Wednesday, January 18, 2012

hmmmmm I missed my appointment and of all days. I needed this appointment. The screaming in my head the ranting and this stupid asshole crying that I'm so fucking sick of I would rather chew my arm off then to cry. If I fill out one more stupid fucking job application and get rejected one more time I swear to God I'm going to die. I swear to God I'm running I away. God I'm so stupid I told dad I wanted to die why? why? why? did I do that. This melancholia I woke up crying yesterday, and today AGAIN. It just blurted out nobody would fucking care, you know it's like a cancer this this this stupid shit this whatever it is in your pit, it makes you think the most lousy thoughts, I suppose I wanted confirmation that somebody would notice and not lecture and just say something nice, and he did. Of course he would he's my father right? right. When you are this off, it's time to go. It wears you out and everyone else out too. It would be a relief to everyone.

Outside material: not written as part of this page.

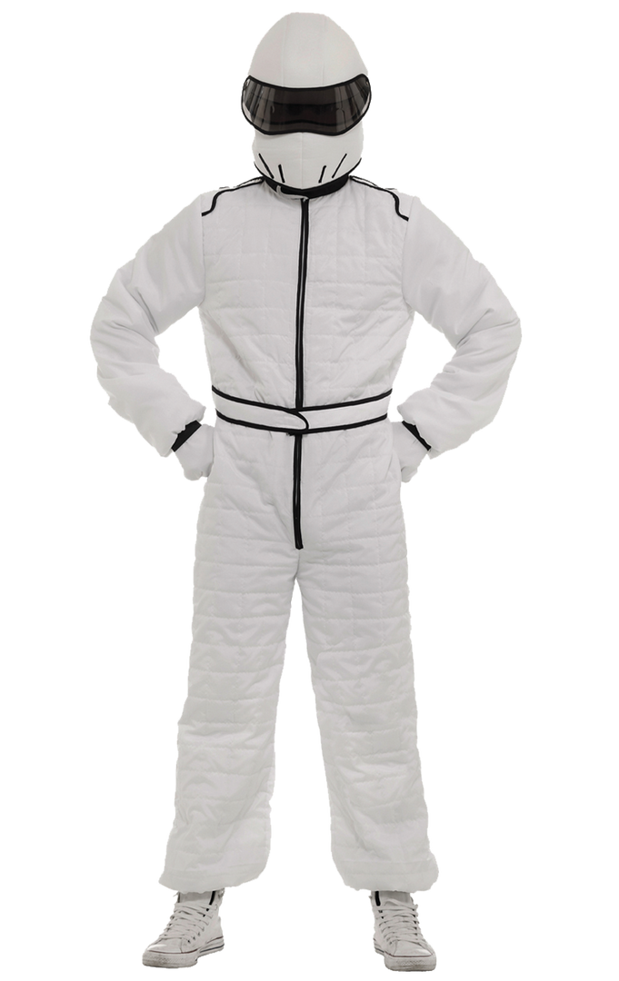 The Adult Top Gear The Stig Costume is made up of an all-in-one white jumpsuit with black detailing around the zip, cuffs and waist. The costume also includes a pair of matching white gloves and the all-important race helmet to disguise your identity.

I shred my scalp with the box cuter and I want to keep going. my mind gets carried away with it. After I talked to Roy I was sick of talking I was sick of being upset about that. This stupid anger and guilt I'm just sick of it. They all hate me anyway then the Scotsman won't do whatever it is I think he should do and it's ripping me into shreds. So shred away. Why so who cares pull the most infamous disappearing act of all time. Then go quietly no "I'll see you on the dark side of the moon" I just won't see you. Try to understand I'm tired of talking I'm tired of understanding and I'm tired of "It will be better" no it won't. I'm not a pessimist, I'm a realist. Through the years with each year, it doesn't get better this condition only gets worse. I just need a soft place to land. Not even warm, just soft. Never in my wildest dreams did I ever think I would cut myself, but I did, and now it's more and more and the pain is getting less and less. I just never wanted to make a mess for anybody and I never wanted it to coagulate and fuck it up.